Why are only two elastic constants independent?

For isotropic (direction-independent) linear elastic materials, the stress-strain relationship is fully described by two independent parameters. All other elastic constants can be derived from any pair.

What is a typical Poisson's ratio?

Most metals are 0.25–0.35. Rubber is nearly 0.5 (incompressible). Cork is near 0. Auxetic materials have negative Poisson's ratio (they expand laterally when stretched).

What is Young's modulus used for?

Young's modulus (E) is the most commonly used elastic constant in structural engineering. It determines deflection under load, natural frequencies, and critical buckling loads.

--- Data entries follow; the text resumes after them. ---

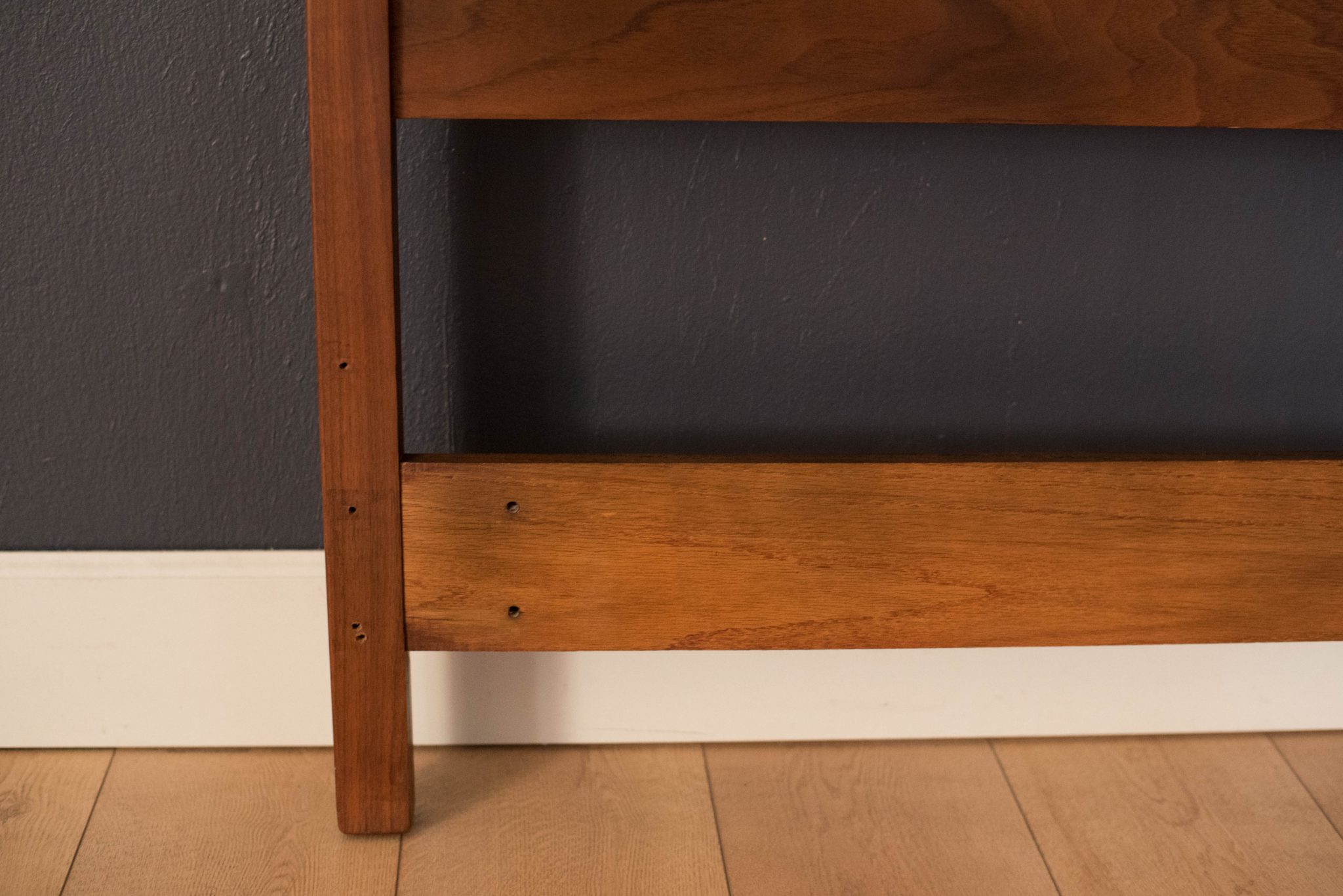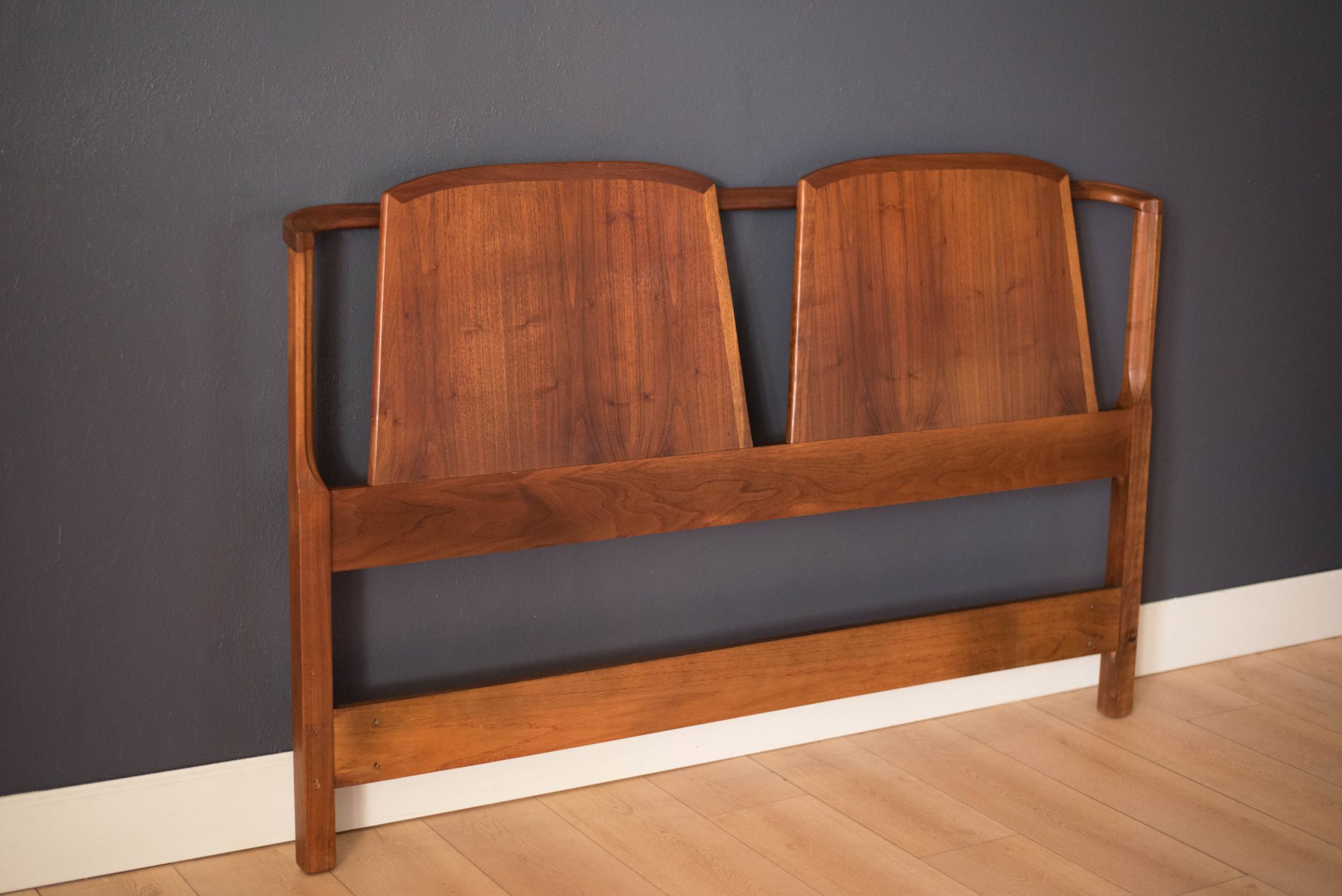 Vintage queen size headboard by Dillingham Manufacturing Co., circa 1960s. This piece features a walnut double back panel with a slim curved frame. Pre-drilled settings in place for bed frame attachments.
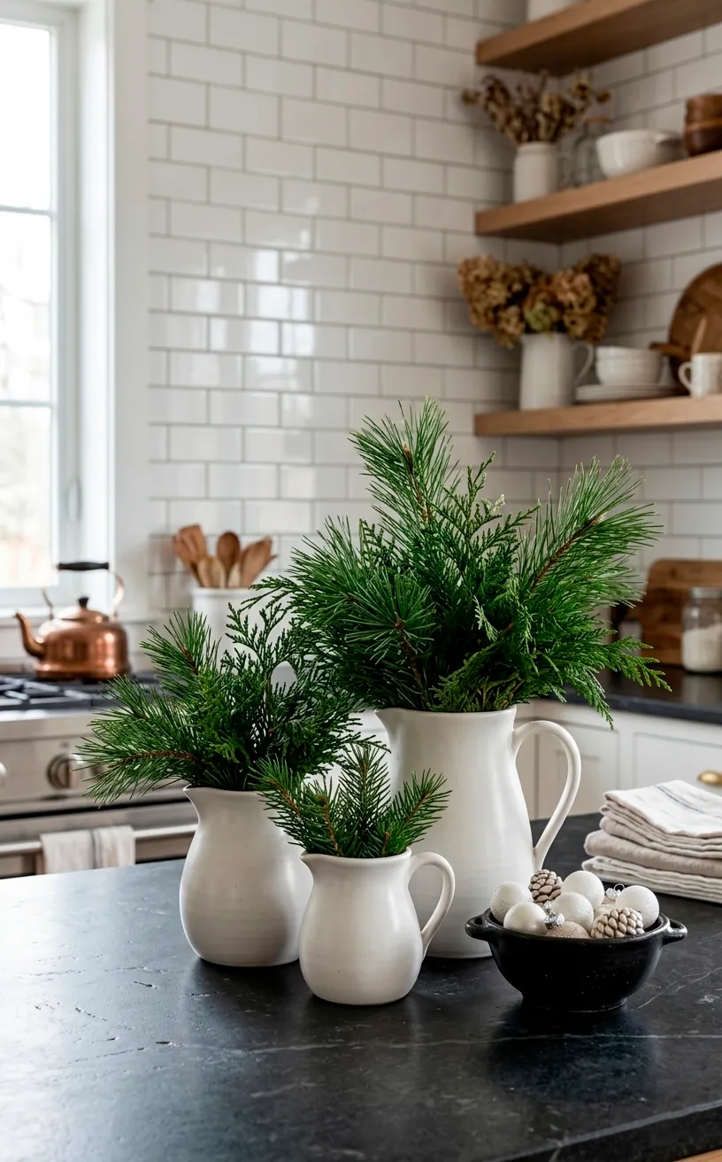 Empty white ceramic pitchers belong in the farmhouse hall of fame. During the holidays, I fill them with fresh cedar clippings or dried eucalyptus. The stark white against the deep green creates a look that is both fresh and timeless.
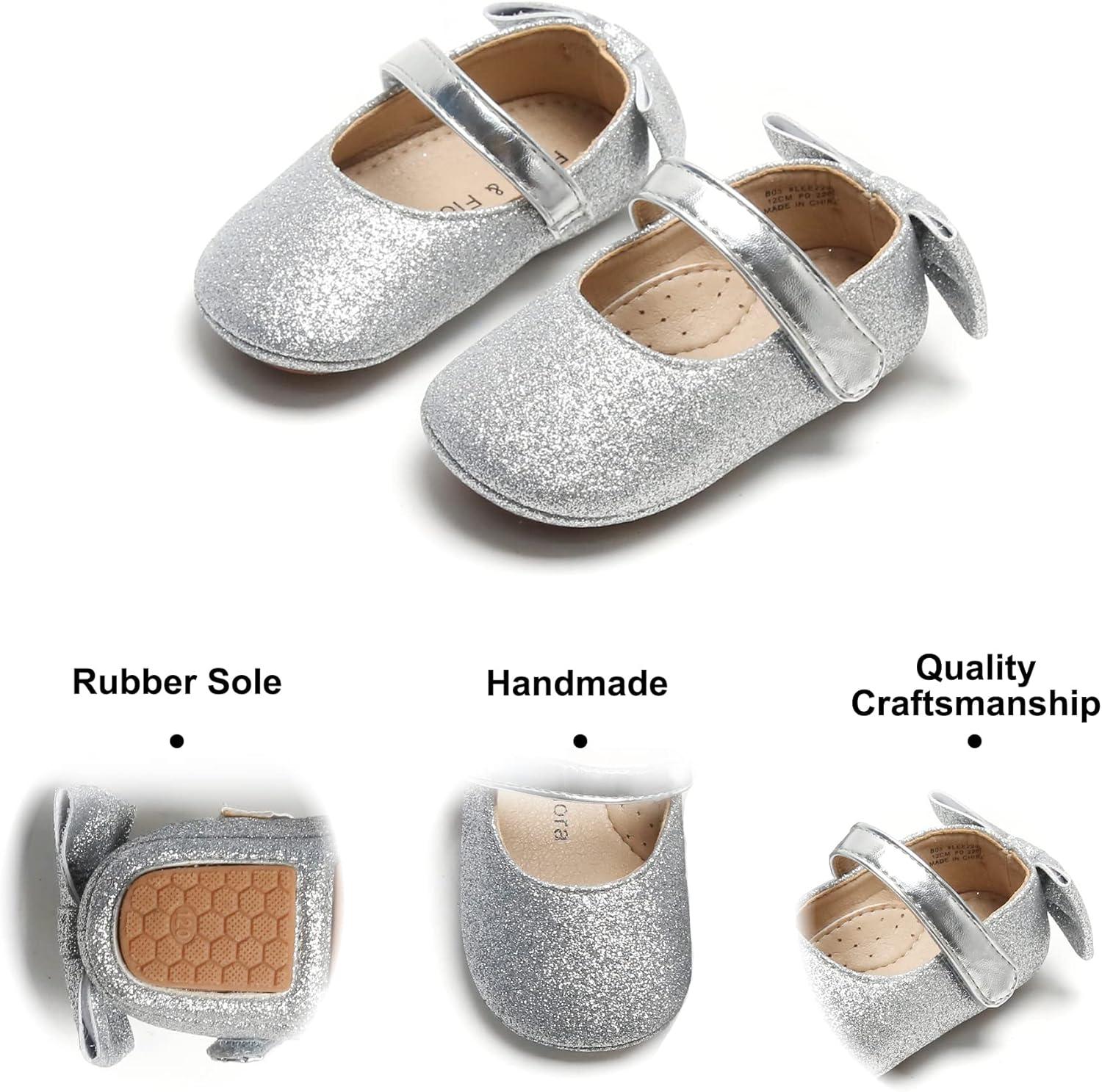 Soft Sole Baby Shoes – Infant Baby Walking Shoes Moccasins Rubber Sole Crib Shoes(B05-glitter Silver)

When should I use bulk modulus?

Bulk modulus is important for hydrostatic loading (uniform pressure from all directions), such as deep-sea or geological applications. It equals the inverse of compressibility.

Do these formulas work for all materials?

Only for isotropic, linearly elastic materials. Anisotropic materials (wood, composites, crystals) require up to 21 independent elastic constants.

What are Lamé parameters used for?

Lamé's first parameter (λ) and second parameter (μ = G) appear in the generalized Hooke's law tensor form used in continuum mechanics and finite element analysis. They are useful when you need a compact material model rather than just E, G, K, and ν.